(Beginning of GIVEN MATERIAL)

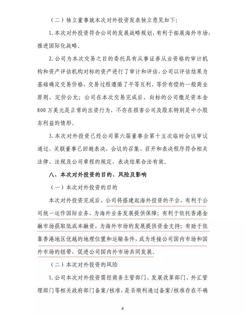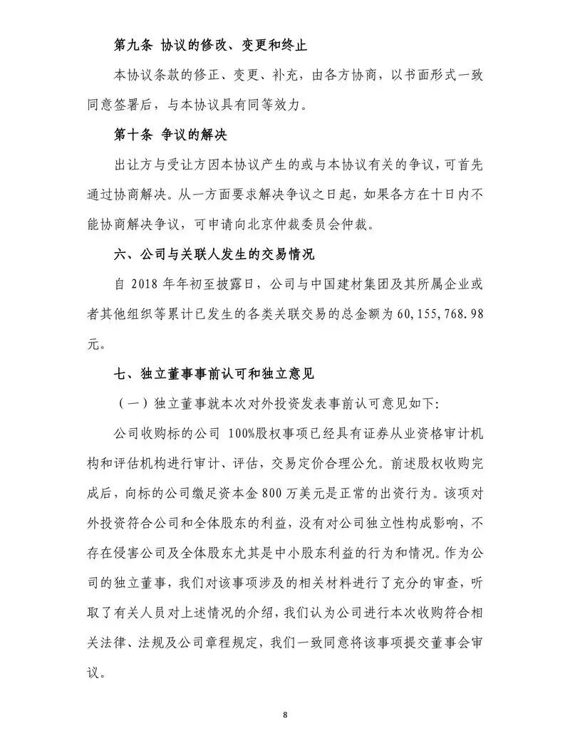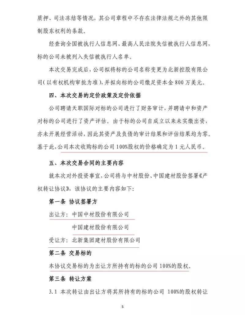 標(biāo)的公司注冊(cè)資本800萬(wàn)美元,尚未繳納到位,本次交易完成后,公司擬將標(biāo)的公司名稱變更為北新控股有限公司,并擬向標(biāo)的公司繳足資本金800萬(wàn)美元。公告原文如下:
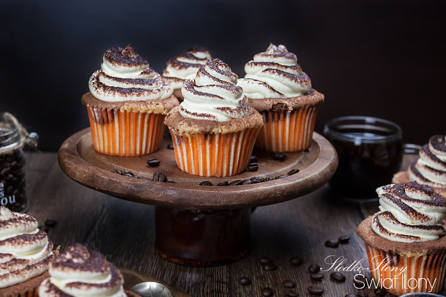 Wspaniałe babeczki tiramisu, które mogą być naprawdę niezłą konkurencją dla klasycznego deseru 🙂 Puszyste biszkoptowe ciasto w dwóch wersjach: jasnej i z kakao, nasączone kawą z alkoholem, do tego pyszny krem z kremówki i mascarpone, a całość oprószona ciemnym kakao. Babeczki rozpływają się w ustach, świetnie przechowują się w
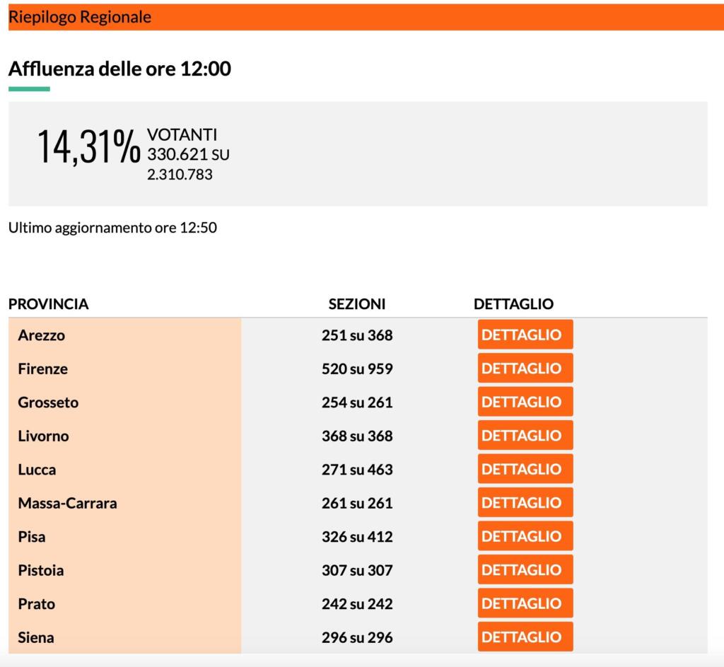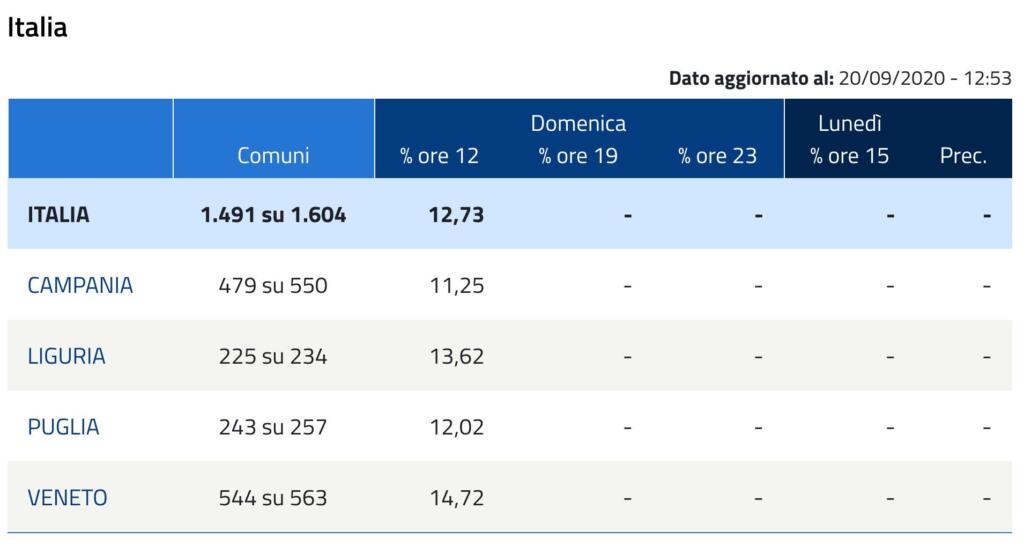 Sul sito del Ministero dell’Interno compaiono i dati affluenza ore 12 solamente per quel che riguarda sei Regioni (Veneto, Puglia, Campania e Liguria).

(End of GIVEN MATERIAL)

### [PROBLEM STATEMENT]
Pictures do not belong in the copy. Repeat exactly each line from the one with "Wspaniałe babeczki tiramisu, które" through the end of the listing.

### [TASK ANSWER]
 Wspaniałe babeczki tiramisu, które mogą być naprawdę niezłą konkurencją dla klasycznego deseru 🙂 Puszyste biszkoptowe ciasto w dwóch wersjach: jasnej i z kakao, nasączone kawą z alkoholem, do tego pyszny krem z kremówki i mascarpone, a całość oprószona ciemnym kakao. Babeczki rozpływają się w ustach, świetnie przechowują się w
 Sul sito del Ministero dell’Interno compaiono i dati affluenza ore 12 solamente per quel che riguarda sei Regioni (Veneto, Puglia, Campania e Liguria).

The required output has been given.